Archives of Orthopaedic and Trauma Surgery, 2012
Introduction Percutaneous retrograde screw fixation for acetabular fractures is a demanding procedure due to the complex anatomy of the pelvis and the varying narrow safe bony corridors. Limited information is available on optimal screw placement and the geometry of safe zones for screw insertion in the pelvis. Methods Three-dimensional reconstructions of 50 consecutive CT scans of polytrauma patients (35 males, 15 females) were used to introduce three virtual CAD bolts (representing screws) into the anterior column (superior ramus of the pubic bone), posterior column (the ischial bone) and the supraacetabular region, as performed during percutaneous screw fixation. The three-dimensional (3D) position of these screws was evaluated with a computer software (MIMICS) after virtual optimal insertion. The 3D position, the narrowest zone and the distance to the hip joint of the two columns and the supraacetabular region were defined. Results The mean maximal screw length for the three virtual screws measured between 107.4 and 148 ± 18.7 mm. The narrowest zone of the pelvic bone (superior pubic ramus) had a width of 9.2 ± 2.4 mm.

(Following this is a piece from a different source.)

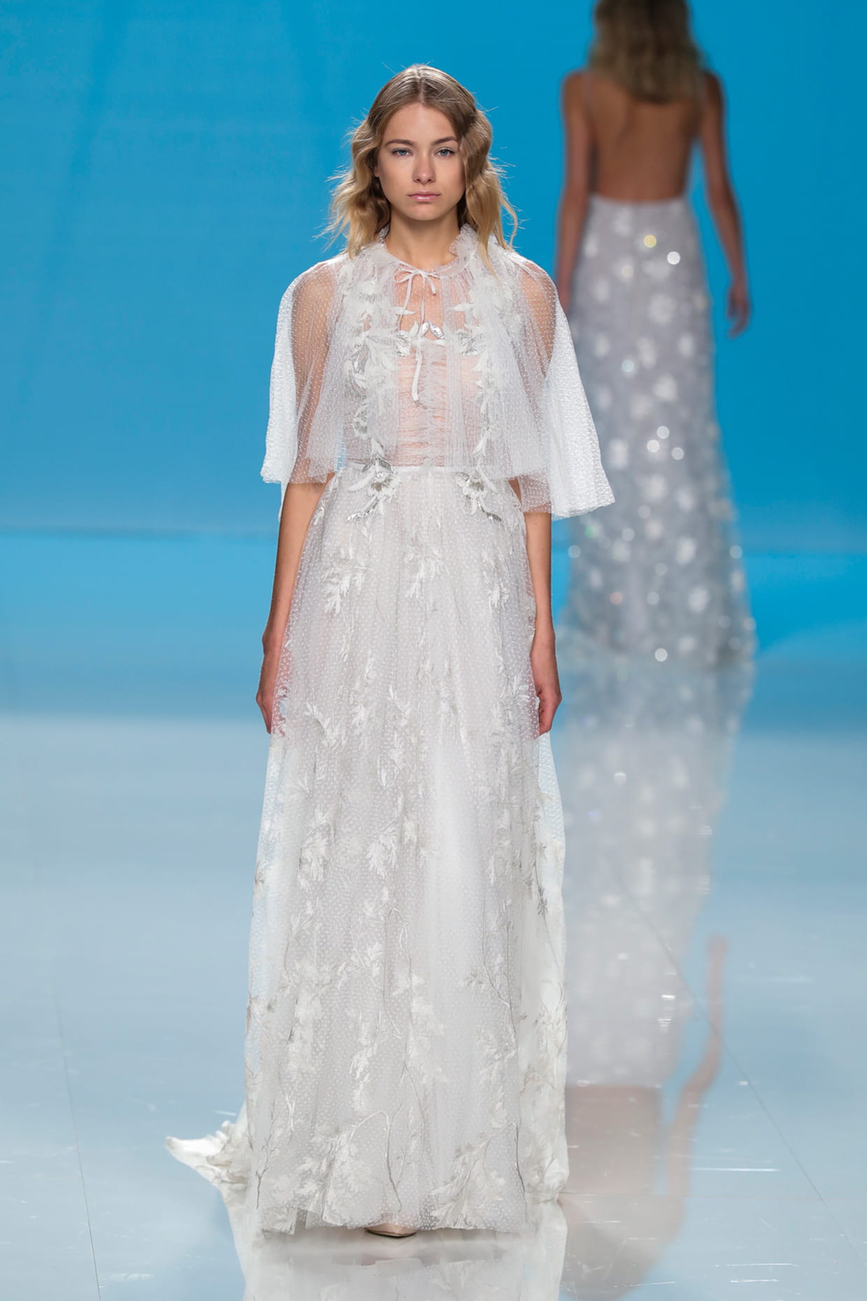 On aime particulièrement ce modèle de robe de mariée, un brin folk, avec ses volants qui tombent sur des épaules dénudées et sa coupe hippie.

The average distances between the bolts and the hip joint were 3.9 and 19.4 ± 7.4 mm. For the anterior column (superior pubic ramus) screw, the mean lateral angle to the sagittal midline plane was 39.0 ± 3.2°and the mean posterior angle to the transversal midline plane was 15.1 ± 4.0°. The mean supraacetabular screw angles measured 22.4 ± 3.4°(medial), 35.3 ± 4.6°(cranial) and the mean angles for the ischial screw were 12.0 ± 5.4°(posterior) and 18.4 ± 4.0°( lateral). Conclusions The zones for safe screw positioning are very narrow, making percutaneous screw fixation of the acetabulum a challenging procedure. The predefined angles for the most frequently positioned percutaneous screws may aid in preoperative planning, decrease operative and radiation times and help to increase safe insertion of screws.